As we sat there swirling our sunburned legs in the tepid moss-green water to cool off, we were knocking down shots of rotgut on ice. No, that's not a euphemism. That is what it said on the label: "Rotgut." Barney found it on the bargain table in the back of the liquor store where he scavenges for cheap wine on Cheap Wine Wednesdays. The label also said it was distilled in some little Podunk in Tennessee. No, that's not a euphemism. That's the name of the town. Little Podunk, Tennessee.

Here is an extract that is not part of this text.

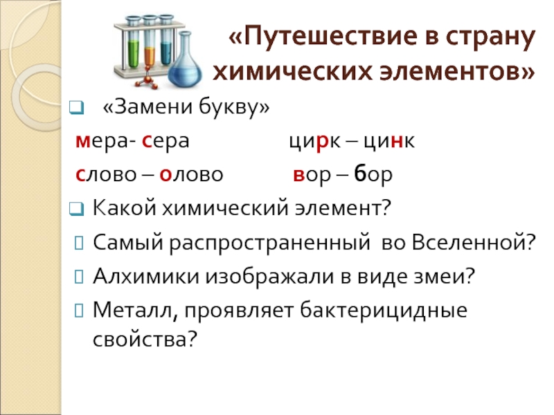 «Путешествие в страну химических элементов» «Замени букву»мера- сера

The guy in the liquor store told Barney that he had been trying to sell the stuff for months. It was obvious that he was telling the truth because there were at least eight or nine orange mark-down price stickers plastered all over the bottle where he had been lowering the price on consecutive Cheap Wine Wednesdays, hoping that some sucker like Barney would stumble in and take it off his hands. At three bucks a bottle, Barney figured it was a pretty good deal, so he took all 27 bottles that the guy in the liquor store had in the back room.

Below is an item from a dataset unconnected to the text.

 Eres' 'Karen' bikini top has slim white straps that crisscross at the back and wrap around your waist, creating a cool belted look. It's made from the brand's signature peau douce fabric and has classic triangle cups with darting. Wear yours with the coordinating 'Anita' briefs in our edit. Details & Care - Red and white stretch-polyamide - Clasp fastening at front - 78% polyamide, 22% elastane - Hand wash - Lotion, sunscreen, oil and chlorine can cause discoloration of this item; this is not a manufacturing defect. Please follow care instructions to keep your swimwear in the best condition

As we worked our way through the afternoon, that bottle of Rotgut started to taste better and better with every ice-clinky sip. By the time the sun was calling it quits, so were we. We laid flat on our backs on the blue Wal-Mart tarp that Barney had spread around his Wyoming steel swimming pool with a picture of a cow on the side.

Barbie (Barney's wife) ventured out about midnight, not so much to see if we were OK, but to see if she could somehow quiet our dueling snore-a-thon. A second Wal-Mart blue tarp duct-taped over our heads muffled the reverberations enough to pacify the neighbors into putting down their cell phones, many of which were one digit away from calling the cops. Seems with all our snoring, they couldn't hear their dogs' incessant yelping.

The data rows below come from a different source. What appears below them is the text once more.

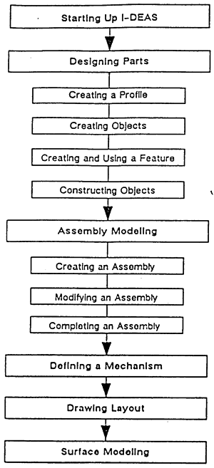 在SUN工作站上使用I—DEAS軟件的Solid—Modeling模塊對SHQ40箱體進行實體建模,其主要操作規(guī)程如圖3-4所示。
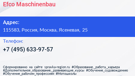 Efco Maschinenbau по адресу 115583, Россия, Москва, Ясеневая, 25 в дальнейшем Организация, размещена в следующих категориях:
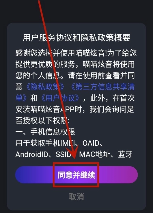 1. 接着安装喵喵炫音App,打开该应用后,点击【同意并继续】按钮。
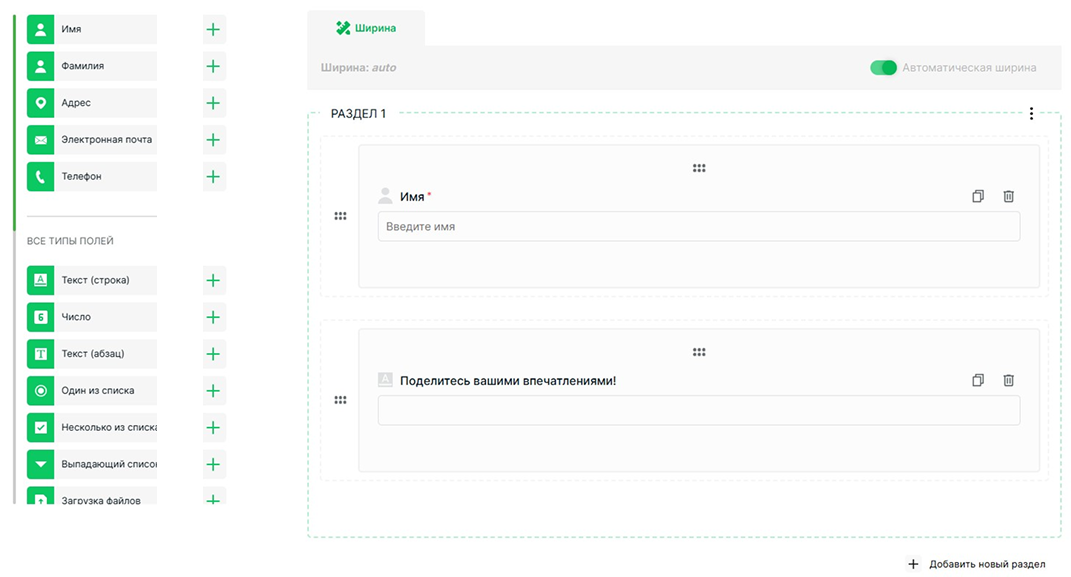 - Simple and fast setup. Creating a form is done through an intuitive interface. All the necessary elements are already available in the builder: text input fields, dropdown lists, radio buttons, checkboxes, file upload fields, date/time pickers, buttons, and more. Simply drag the required fields into the form, specify their names and properties — all in just a few minutes.

I was resurrected the next morning to a clamorous Barney extolling the simple pleasures of life and what a beautiful day it was going to be with nothing but blue skies over our heads. After I tore the duct tape loose and pulled the blue Wal-Mart tarp from our faces, he realized that the skies were not blue after all. More of a sullen gray. Barbie had long since gone to work, so Barney and I slumped into my '86 Corolla and went to McDonald's for breakfast and coffee. Lots of coffee.

After the fourth or fifth cup of their lawsuit-hot house blend, Barney pushed his untouched Egg McMuffin aside and glanced at me with "The Look." It doesn't often occur, but when Barney flashes "The Look," it means a series (a series being more than two) of synapses just fired in his brain, and a grand plan was about to be pontificated.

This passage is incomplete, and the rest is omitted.